2023 Israel-Hamas War

The Missing Cause

By Paul M

Hamas embarked on its October 7th onslaught with a specific goal in mind. It hoped, and had been planning for several years, to begin the complete destruction of Israel. Nor was it a total fantasy: If things had gone the way it visualized, with Iran’s “Ring of Fire” around Israel all joining in the attack, it is plausible that that it might have succeeded. Perhaps one day historians will tell us why Hezbollah and the others lost their nerve.

But that was then. Now Gaza is in ruins and Israel, scarred physically and emotionally and bloodied in world opinion (to whatever extent that means anything) is at least secure against imminent destruction. However things go for the next few years, Hamas, Hezbollah, the ayatollahs and the Houthis won’t be pushing the Jews into the sea or watering the desert with oceans of their blood just yet.

Today, the ceasefire is over and the war is on again. Targets are being bombed in Gaza, civilians are fleeing once more to wherever seems safer and terrorists are leaving them to their fate, diving for the protection of their tunnels. The chorus berating Israel has restarted instantly and predictably—everyone’s back to doing what they do best.

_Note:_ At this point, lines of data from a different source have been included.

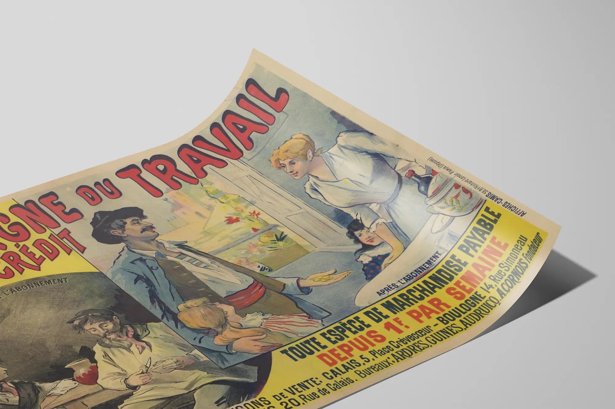 Podsumowując, ta plakat "L'Épargne du Travail Vente à Crédit" to dekoracja ścienna zarówno estetyczna, jak i pełna znaczenia, podkreślająca pracę i odpowiedzialne zarządzanie finansami osobistymi. Styl retro i przekaz społeczny czynią z niej oryginalny wybór do personalizacji wnętrza z nutą autentyczności i historii.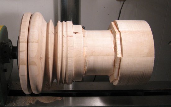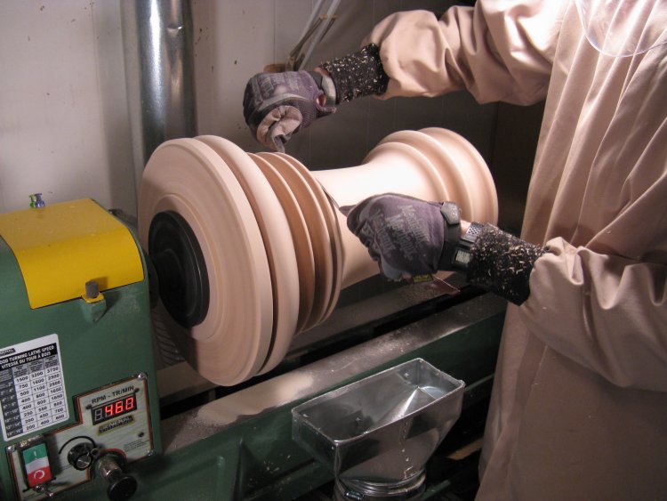 The above photos show the piece mounted between the drive spindle at the motor end and the live center on the other (tail-stock) end on the lathe. The live center can be screwed forward with the crank on the tailstock to apply pressure on the piece and push it into the drive spindle.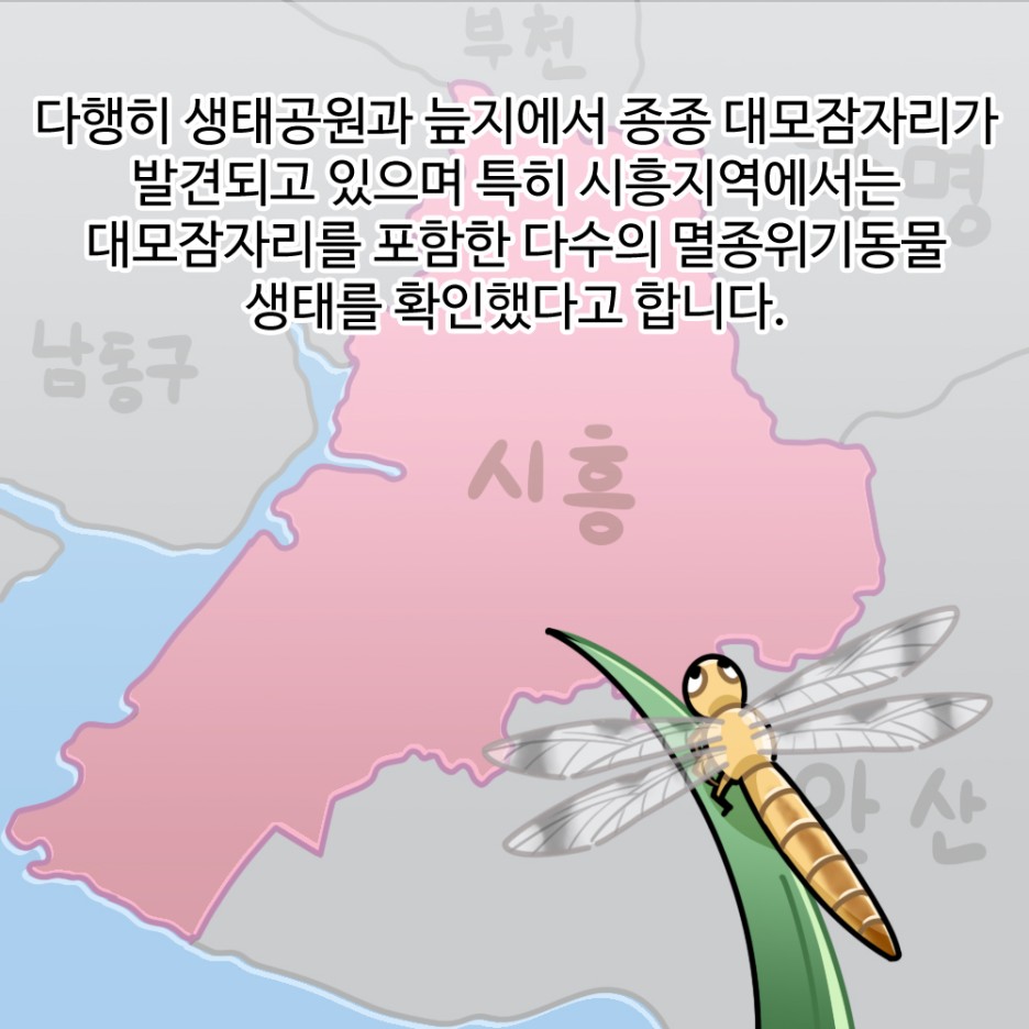 특히 시흥지역에서는 대모잠자리를 포함한 다수의 멸종위기동물 생태를 확인했다고 합니다.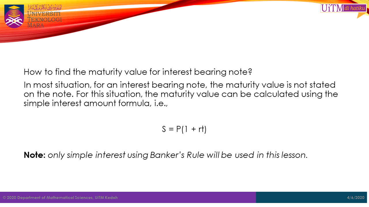 In most situation, for an interest bearing note, the maturity value is not stated on the note. For this situation, the maturity value can be calculated using the simple interest amount formula, i.e.,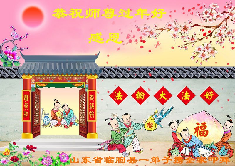 山东省潍坊市临朐县一大法弟子携全家恭祝师尊过年好!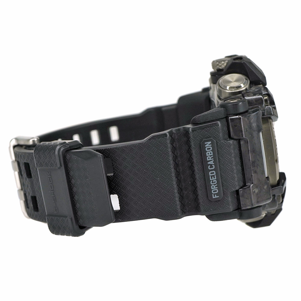 樹脂の中にカーボン繊維を練り込み、金型で熱プレスし固めて成形したフォージドカーボンベゼルと、カーボンコアガード構造のケースにより小型化を実現。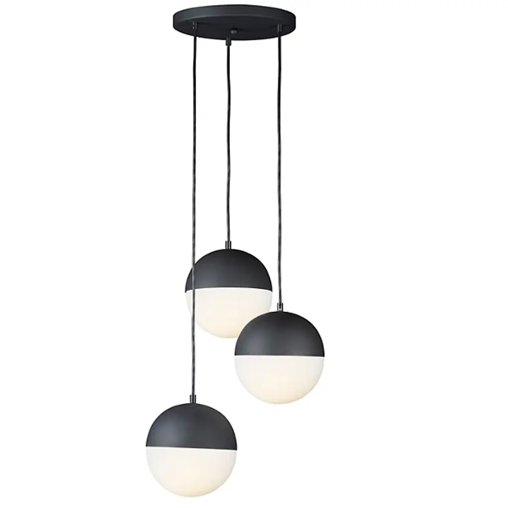 Bring a contrast of light and dark to your modern home with the Andrea Multi-Light Pendant from Huxe. Hanging from a rounded ceiling plate made of smooth metal and a single wire, each are a set of three globes, each precisely split in half with contrasting materials. The upper half is made of spun metal and the lower half of satin white glass. An integrated LED bulb is installed within each globe, illuminating the glass evenly and bringing them to life with a soft, wondrous glow.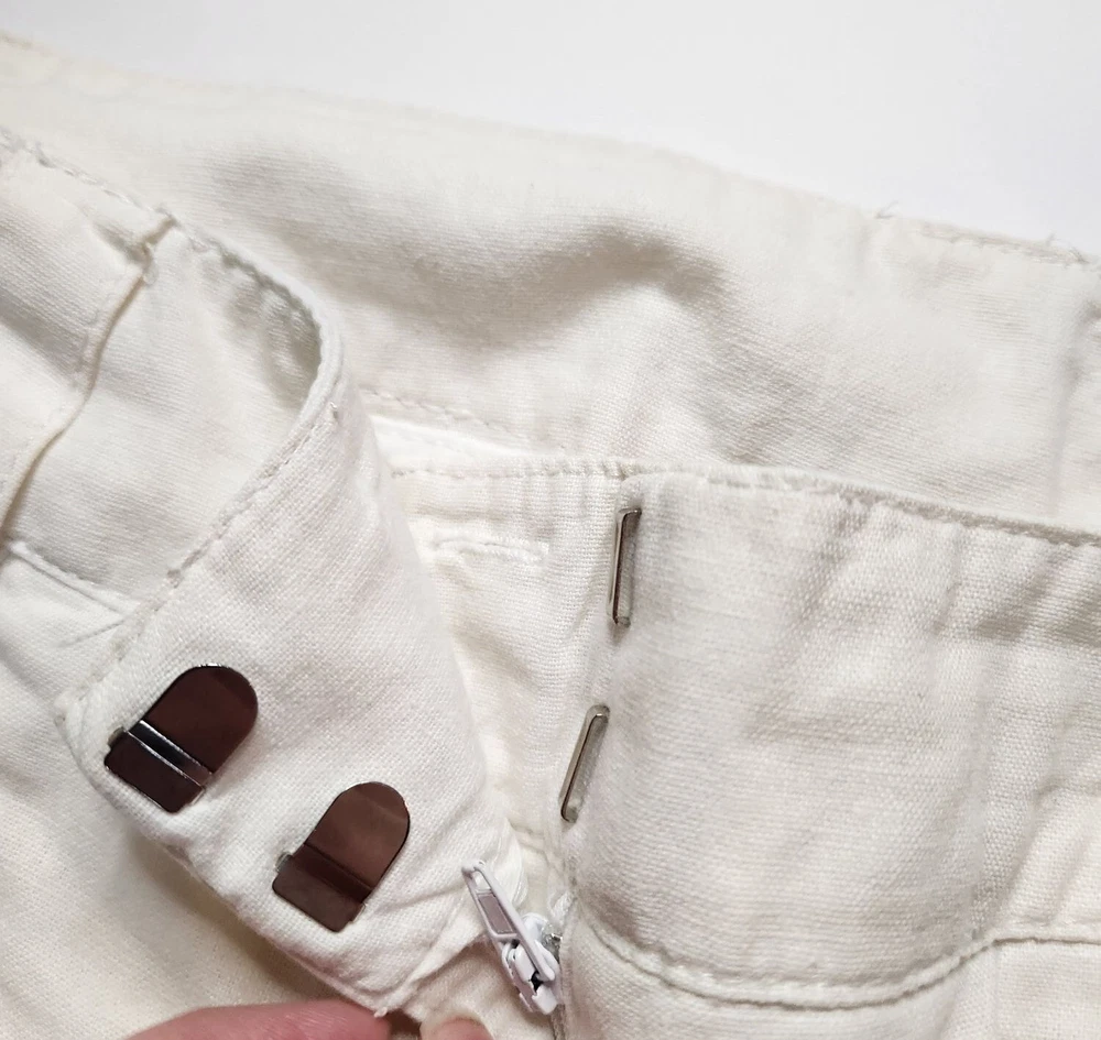 Wide Leg White Linen Blend Pants With Hook & Eye Closure vacation beachcore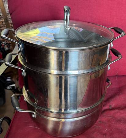 Fruit/vegetable crusher, fruit/vegetable press, very large pressure cooker, heat juicer, strainer. Crusher and press are very heavy so will have to be picked up.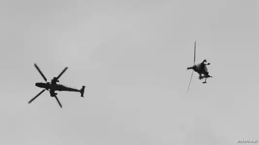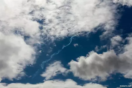 En oubliant la couleur, on se concentre sur la silhouette des avions et la trajectoire que dessinent leurs trainées de fumée.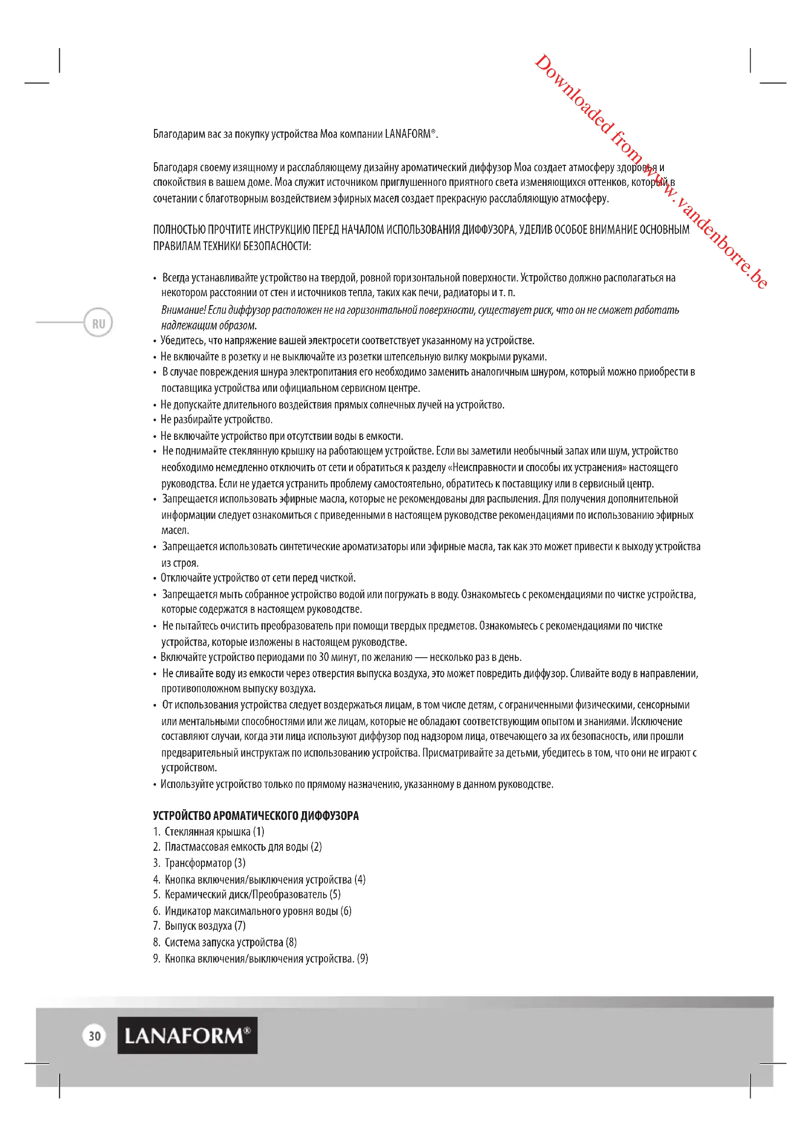 Downloaded from www.vandenborre.be30 Благодарим вас за покупку устройства Moa компании LANAFORМ®. Благодаря своему изящному и расслабляющему дизайну ароматический диффузор Moa создает атмосферу здоровья и спокойствия в вашем доме. Moa служит источником приглушенного приятного света изменяющихся оттенков, который в сочетании с благотворным воздействием эфирных масел создает прекрасную расслабляющую атмосферу. ПОЛНОСТЬЮ ПРОЧТИТЕ ИНСТРУКЦИЮ ПЕРЕД НАЧАЛОМ ИСПОЛЬЗОВАНИЯ ДИФФУЗОРА, УДЕЛИВ ОСОБОЕ ВНИМАНИЕ ОСНОВНЫМ ПРАВИЛАМ ТЕХНИКИ БЕЗОПАСНОСТИ:

What does the international community have to say? The Arab world condemns Israel as expected (even the signatories to the Abraham Accords, though the Palestinian Authority, with an eye to its own struggle with Hamas, criticized them also). Iran, Turkey, China, Russia and the UN have all had yet another epiphany about the importance of human rights and human life, but only insofar as Israel might be found wanting. But Europe has once again been no better, laying everything at Israel’s feet. Britain’s ambassador to Israel tweeted “We all want to see Hamas defeated and we are desperate for the hostages to return home, but renewed IDF operations in Gaza will achieve neither of those aims.” This is simply incoherent—does he somehow think Israel can negotiate Hamas’s defeat? Why is the UK seemingly so intent on showing that it’s no longer a serious country? Their man at the UN said “I want to be clear—a return to fighting will only result in the deaths of further Palestinian civilians, Israeli hostages and IDF (Israeli Defense Forces) soldiers.” No mention of Hamas; he must be assuming that the IDF will completely miss them. France’s representative “expressed his country’s condemnation of Israeli strikes.”

 

France and the UK did both declare that Hamas should release its hostages “immediately” and “unconditionally.” Yes, it should and Hamas could do that, but Hamas is not doing that. There has never been a ghost of a possibility that Hamas would “unconditionally” release all its hostages without the kind of defeat that Israel has continually been told not to inflict, and we’re a year and a half too late for “immediate.” In my own opinion there has never been a possibility that it would ever release all the hostages—they’re simply too valuable for extortion and as shields and some will always be kept, just as four (two living and two dead) were kept for a decade until October 7 brought fresh meat. To demand that Israel cease fire and then toss in an insincere bit of mouth-noise about the hostages is breathtaking hypocrisy. It’s also as witless a bit of self-harm as could be done by democratic governments—the only kind susceptible to the agony-inducing tactic of hostage-taking.

But what is Hamas fighting for now? There’s only one possible remaining answer to that question today. With the longed-for destruction of its enemy beyond reach, the only goal it has left is its own continued existence as an armed terrorist organization. It is fighting to keep its weapons and its ability to continue killing Israelis in the future. Crucially, what Hamas can not claim to be doing now is protecting Gaza’s citizens. It is doing the exact opposite, deliberately drawing fire onto them again rather than release its 59 remaining hostages and surrender, and that makes it alone responsible for whatever amount of additional suffering Gaza now has to look forward to. Hamas launched a war (the war crime of aggression) targeting civilians (another war crime) for murder, rape and hostage-taking (more war crimes, all) and with genocidal aims (the worst war crime of all). If it had succeeded, it would at least have had a triumph to show for it, its ultimate objective of erasing its enemy and taking the land. Its supporters would have cheered. The rest of the world would have said Shame about the Jews and figured out how to rehabilitate the butchers. But now it is fighting, and sacrificing the Palestinians it claims to care about, merely for its own survival as an armed gang. Even Hitler and his cronies had enough of something resembling decency to call a halt at that point. Whatever you may think of the current US administration, it does at least seem to understand that. Europe seems so fixated on blaming Israel that it can’t pause long enough to see the state of play. What will it take for them to achieve similar clarity?